An afternoon stroll along a downtown Kenosha street shopping with her eldest daughter convinced Rashida Jackson, a Zion, Ill., resident, she had to bring her dream to this city, to this business district and specifically to Sixth Avenue.
The lakefront, the revitalization of downtown and her amazement at the shops that were going in were attractions that made her want to launch her Jax Boutique here at 5613 Sixth Ave.
Located next to Wine Knot Bar & Bistro, Jax Boutique is the only women’s apparel shop on a street that two men’s clothing stores — Mike Bjorn’s and SJ Crystal — call home.
“I love the area. I saw that while there were men’s clothing stores on the street, there was a void with no women’s clothing shops. I love this city and what is happening here,” Jackson explained. “I knew I wanted to be here by the lakefront.”
It was her dream
Owning a clothing boutique had been her dream since high school. She had been planning to bring it to fruition.
Jackson, the mother of five, attended business sessions sponsored by the Small Business Development Association at the University of Wisconsin-Parkside, later connected with the Wisconsin Women’s Business Initiative Corporation, worked with Downtown Kenosha Inc. and finally worked out a creative lease arrangement with Paul McDonough, owner of several downtown buildings.
The SBDA helped her develop a business plan and devise a marketing plan to target her audience. WWBIC helped her with financing through a loan program designed to assist prospective women and minority entrepreneurs. DKI has been an economic development driving force to attract more businesses and create a stronger downtown business district.
“I didn’t know how to start a business. Mary Fisher (of SBDA) had all of the answers. she was with me every step of the way,” explained Jackson. Six months after beginning the exploratory and learning process, it too six months to finally find a location.

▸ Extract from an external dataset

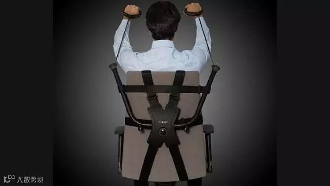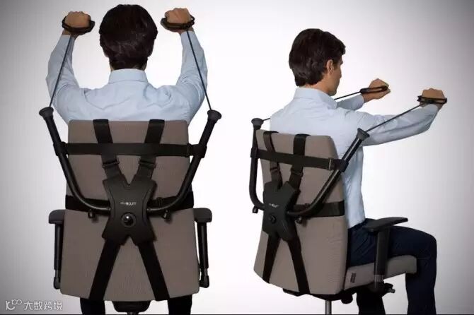 OfficeGym是一家外国公司专门为上班族而设的一套健身装备,无需占用太多空间,只需要安装在椅子背部,就可做简单的拉伸运动。OfficeGym可以连接至椅子靠背,有两对尼龙带把它连接到椅子上,实际的健身设备包括两个滑轮,从两条铝管拉出,可以上下移动调节,用户可对胸部、肩膀、手臂、背部、腹部和腿部等部位进行针对性的抗阻训练。

Jax Boutique is more than a minority, woman-owned business, it also is one of a growing number of pop-up businesses that are sprouting up throughout Kenosha using a concept that allows entrepreneurs to test market ideas, products and services.
Many pop-up businesses operate within the confines of another business. Jax Boutique is operating in a space for a limited period but may evolve as a yearly, full-time business in its current location or in another downtown location.
Pop-up shops, according to Heather Lux, WWBIC’s regional project director, offer entrepreneurs a chance to test market their business dreams while getting their feet wet as a startup before taking the big plunge in business ownership.
The concept allows business owners, in some cases, to reduce some expenses associated with running a brick-and-mortar shop. It also allows the startup business a chance to develop name and brand recognition, an unforgetable theme and build an interested clientele.
Moreover, in a city where the downtown area has had a number of vacant buildings and spaces for a few years, the pop-up concept seems to be a good means of filling some of those empty spaces with businesses that could thrive in those locations. Businesses in those spaces help to attract more shoppers downtown thereby helping the overall downtown economy.
The new boutique
Jax Boutique is currently occupying a 1,850-square-foot space that was once was home to the Jam Fitness Factory.
McDonough said they have worked out a lease agreement that has the shop in that location through the end of September. The lease could be extended beyond that period.
Meanwhile, McDonough is renovating another location just a little further down on the block.
Pop-Up Republic, a business tracking organization, reports that “pop up” shops are a growing trend in some regions of the country and are generating billions of dollars while creating a new generation of “mom and pop” shops.
The organization reports that these stores are now bringing in $2 billion during the holiday season alone.